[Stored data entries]

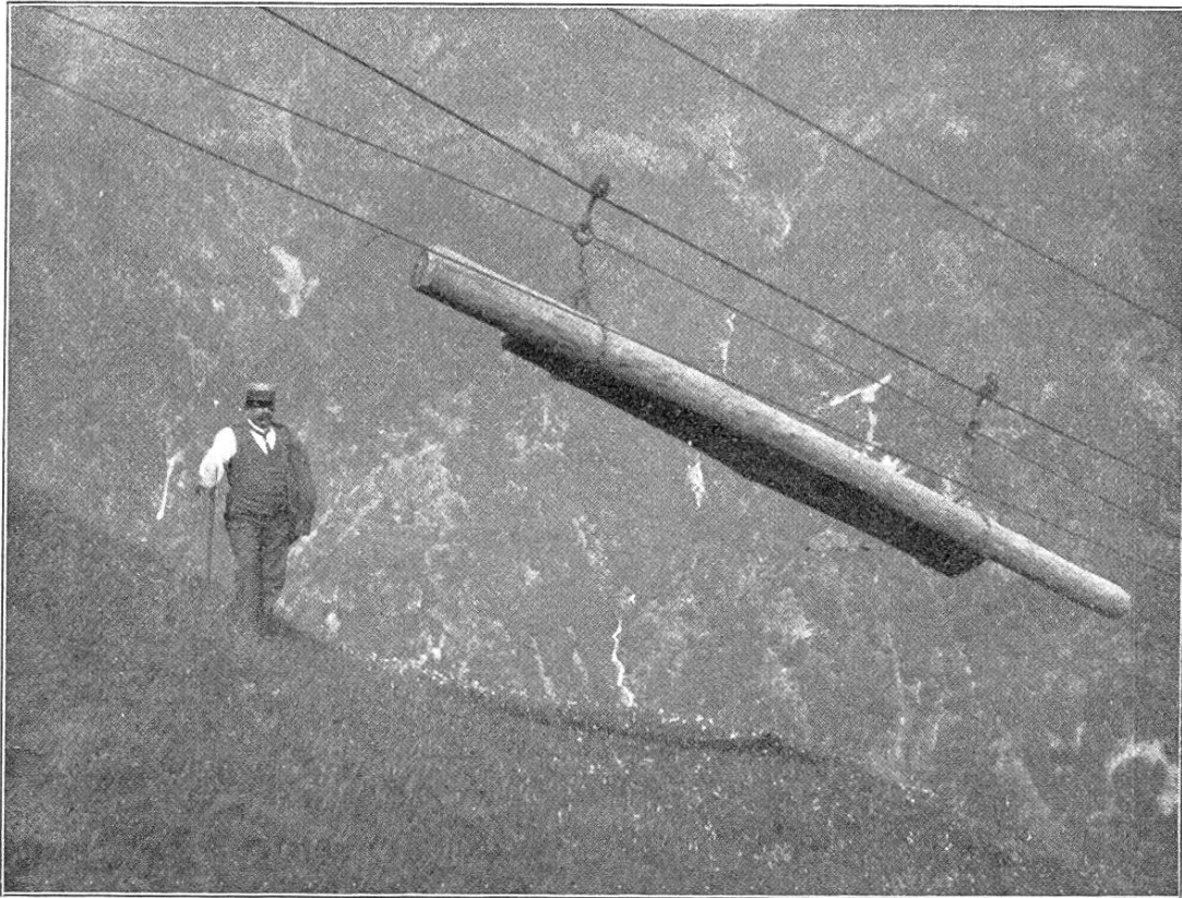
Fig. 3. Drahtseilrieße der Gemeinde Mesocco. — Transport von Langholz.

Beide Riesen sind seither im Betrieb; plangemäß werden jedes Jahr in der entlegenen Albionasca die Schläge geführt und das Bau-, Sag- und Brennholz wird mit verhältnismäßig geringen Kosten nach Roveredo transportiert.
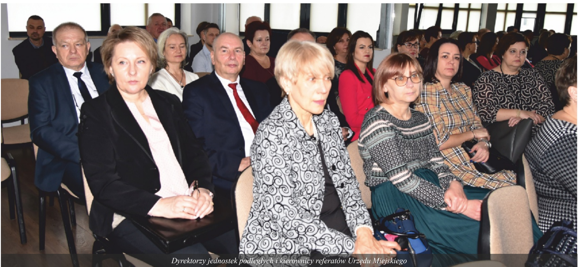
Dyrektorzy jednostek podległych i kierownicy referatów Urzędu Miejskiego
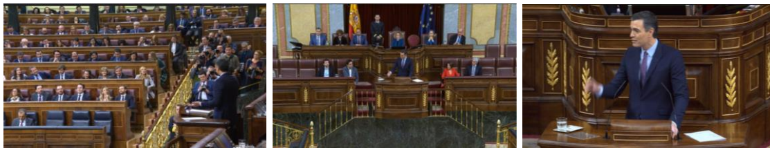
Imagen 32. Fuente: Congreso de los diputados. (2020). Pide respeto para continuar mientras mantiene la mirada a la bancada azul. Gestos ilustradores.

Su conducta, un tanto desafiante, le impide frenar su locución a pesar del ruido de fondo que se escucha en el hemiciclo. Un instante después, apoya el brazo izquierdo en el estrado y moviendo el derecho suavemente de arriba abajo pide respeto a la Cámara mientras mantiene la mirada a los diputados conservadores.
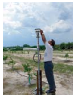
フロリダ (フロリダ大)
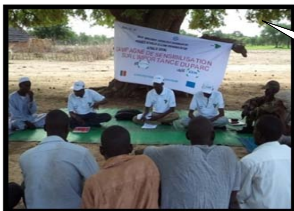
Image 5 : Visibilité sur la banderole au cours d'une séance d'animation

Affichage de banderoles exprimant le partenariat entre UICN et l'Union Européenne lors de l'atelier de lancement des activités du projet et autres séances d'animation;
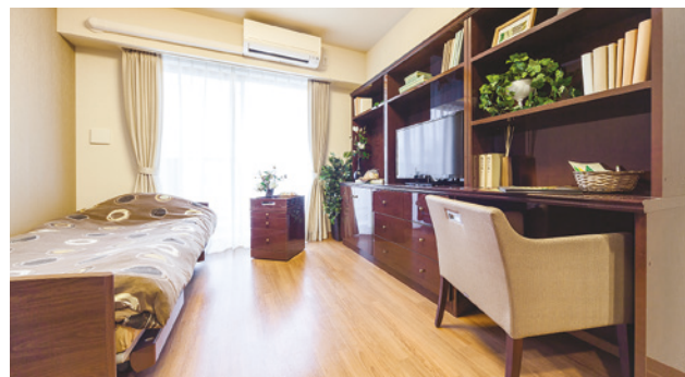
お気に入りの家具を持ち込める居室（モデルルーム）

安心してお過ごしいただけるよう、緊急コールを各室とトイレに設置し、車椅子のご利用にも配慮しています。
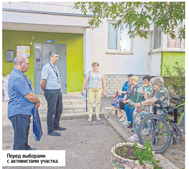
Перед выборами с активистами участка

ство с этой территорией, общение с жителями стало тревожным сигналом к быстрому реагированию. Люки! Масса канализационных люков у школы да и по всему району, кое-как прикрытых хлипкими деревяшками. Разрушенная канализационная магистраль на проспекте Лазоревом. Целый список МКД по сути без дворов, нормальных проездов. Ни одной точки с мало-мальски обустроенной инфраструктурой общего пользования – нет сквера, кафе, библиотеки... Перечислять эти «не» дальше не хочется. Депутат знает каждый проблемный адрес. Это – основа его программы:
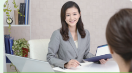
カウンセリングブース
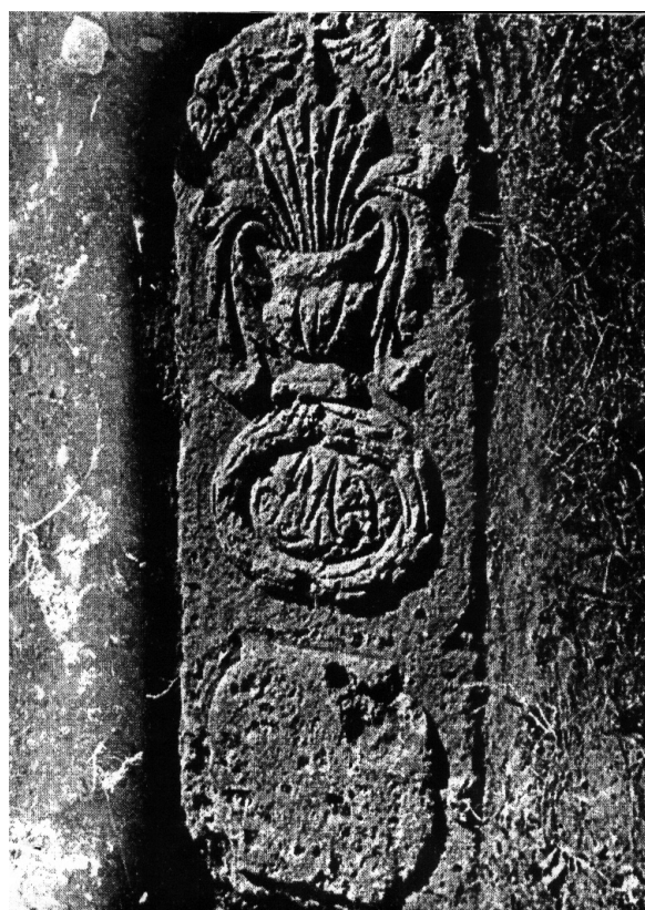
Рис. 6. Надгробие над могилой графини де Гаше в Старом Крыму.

▶ _Your goal_: Although the records above contain pictures, your copy should give only their text, exactly as written.

▶ _Your solution_:
Fig. 3. Drahtseilrieße der Gemeinde Mesocco. — Transport von Langholz.

Beide Riesen sind seither im Betrieb; plangemäß werden jedes Jahr in der entlegenen Albionasca die Schläge geführt und das Bau-, Sag- und Brennholz wird mit verhältnismäßig geringen Kosten nach Roveredo transportiert.
Dyrektorzy jednostek podległych i kierownicy referatów Urzędu Miejskiego
Imagen 32. Fuente: Congreso de los diputados. (2020). Pide respeto para continuar mientras mantiene la mirada a la bancada azul. Gestos ilustradores.

Su conducta, un tanto desafiante, le impide frenar su locución a pesar del ruido de fondo que se escucha en el hemiciclo. Un instante después, apoya el brazo izquierdo en el estrado y moviendo el derecho suavemente de arriba abajo pide respeto a la Cámara mientras mantiene la mirada a los diputados conservadores.
フロリダ (フロリダ大)
Image 5 : Visibilité sur la banderole au cours d'une séance d'animation

Affichage de banderoles exprimant le partenariat entre UICN et l'Union Européenne lors de l'atelier de lancement des activités du projet et autres séances d'animation;
お気に入りの家具を持ち込める居室（モデルルーム）

安心してお過ごしいただけるよう、緊急コールを各室とトイレに設置し、車椅子のご利用にも配慮しています。
Перед выборами с активистами участка

ство с этой территорией, общение с жителями стало тревожным сигналом к быстрому реагированию. Люки! Масса канализационных люков у школы да и по всему району, кое-как прикрытых хлипкими деревяшками. Разрушенная канализационная магистраль на проспекте Лазоревом. Целый список МКД по сути без дворов, нормальных проездов. Ни одной точки с мало-мальски обустроенной инфраструктурой общего пользования – нет сквера, кафе, библиотеки... Перечислять эти «не» дальше не хочется. Депутат знает каждый проблемный адрес. Это – основа его программы:
カウンセリングブース
Рис. 6. Надгробие над могилой графини де Гаше в Старом Крыму.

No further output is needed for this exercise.